What the task requires
Return the full listing character for character, without its pictures.
____ Material provided
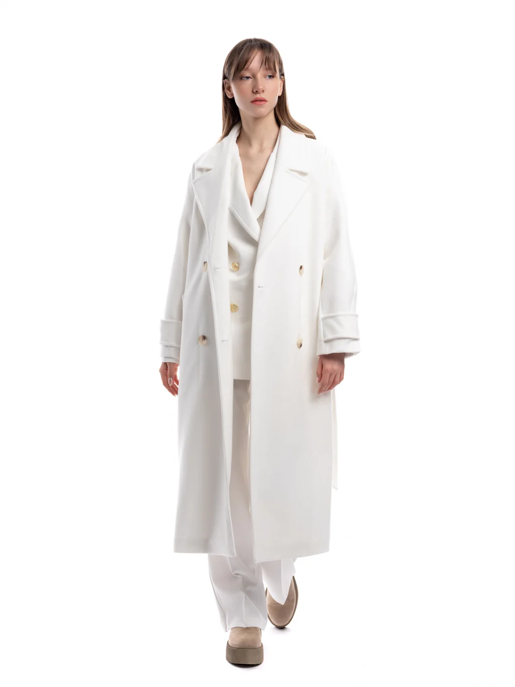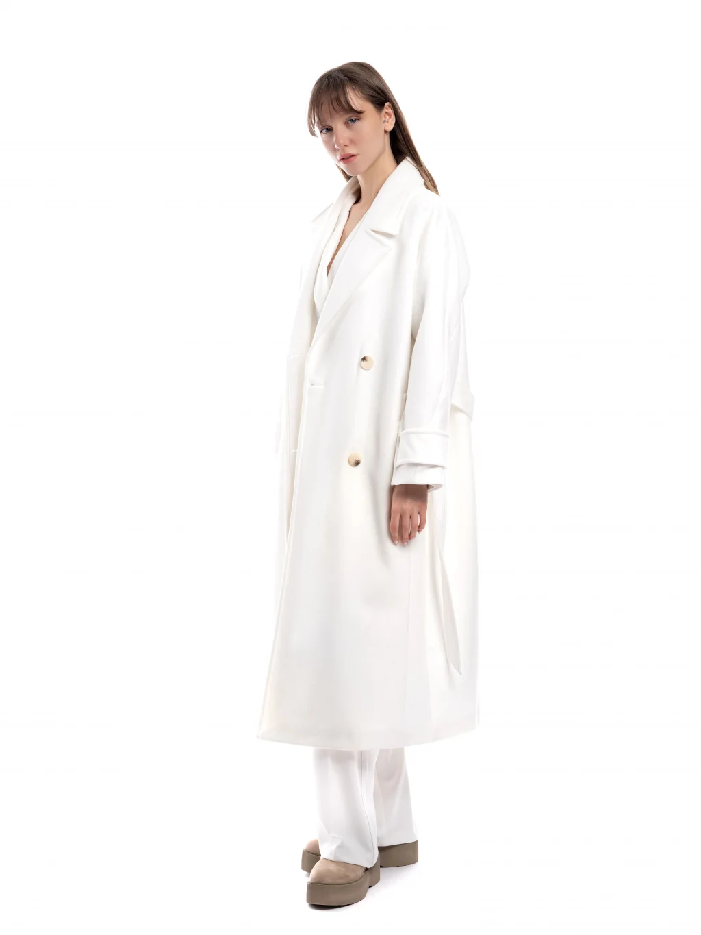 Beyaz Düğmeli Oversize Kaban
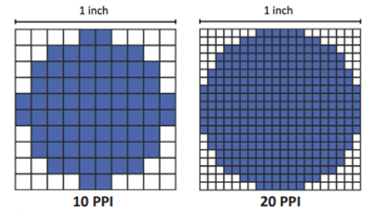 Higher PPI = sharper, clearer image. Lower PPI = visible individual pixels ("pixelation").
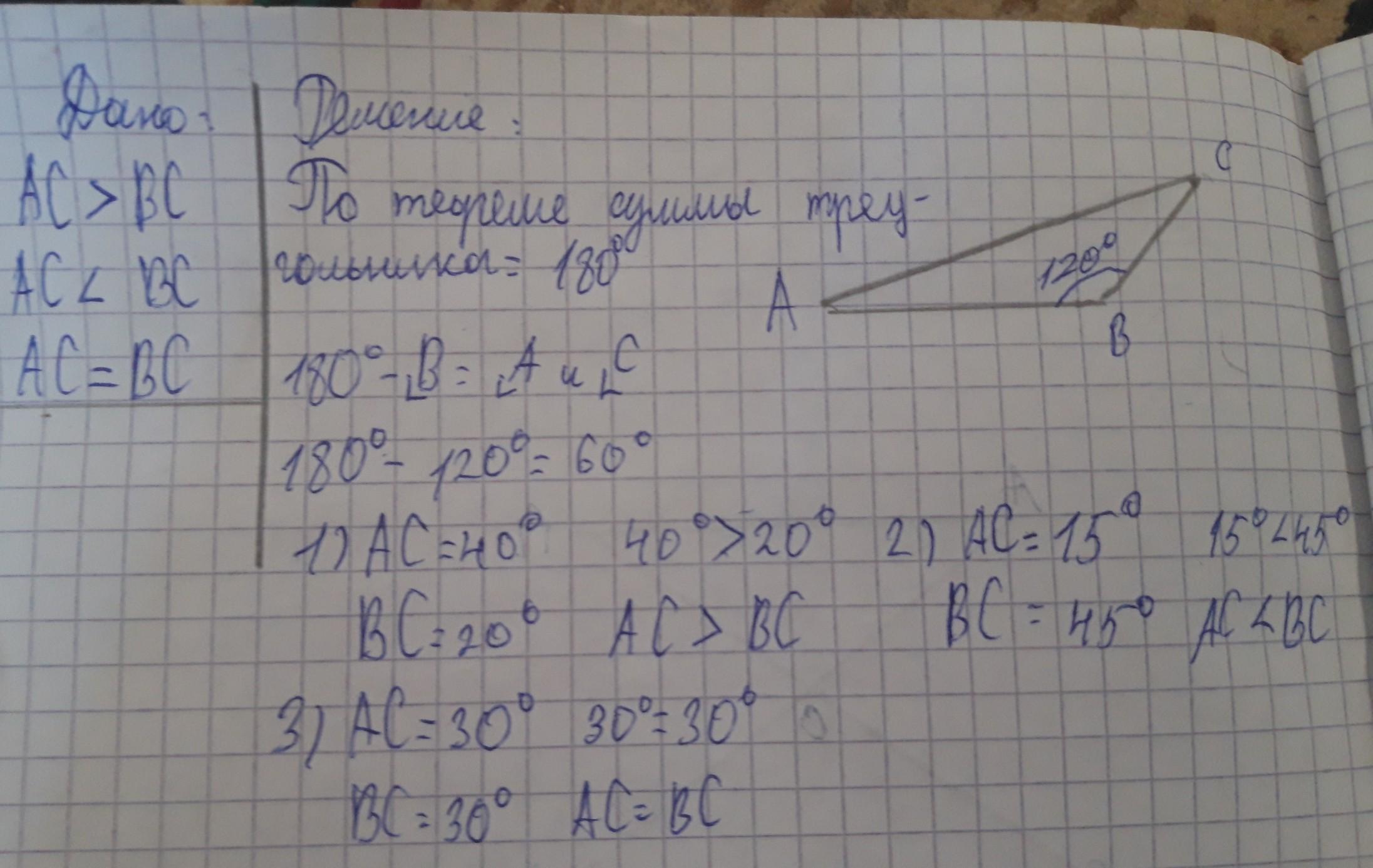 В тупоугольном треугольнике с углом АВС, равным 120 градусов, сравните длины сторон АС и ВС.
________
Solution to this task
 Beyaz Düğmeli Oversize Kaban
 Higher PPI = sharper, clearer image. Lower PPI = visible individual pixels ("pixelation").
 В тупоугольном треугольнике с углом АВС, равным 120 градусов, сравните длины сторон АС и ВС.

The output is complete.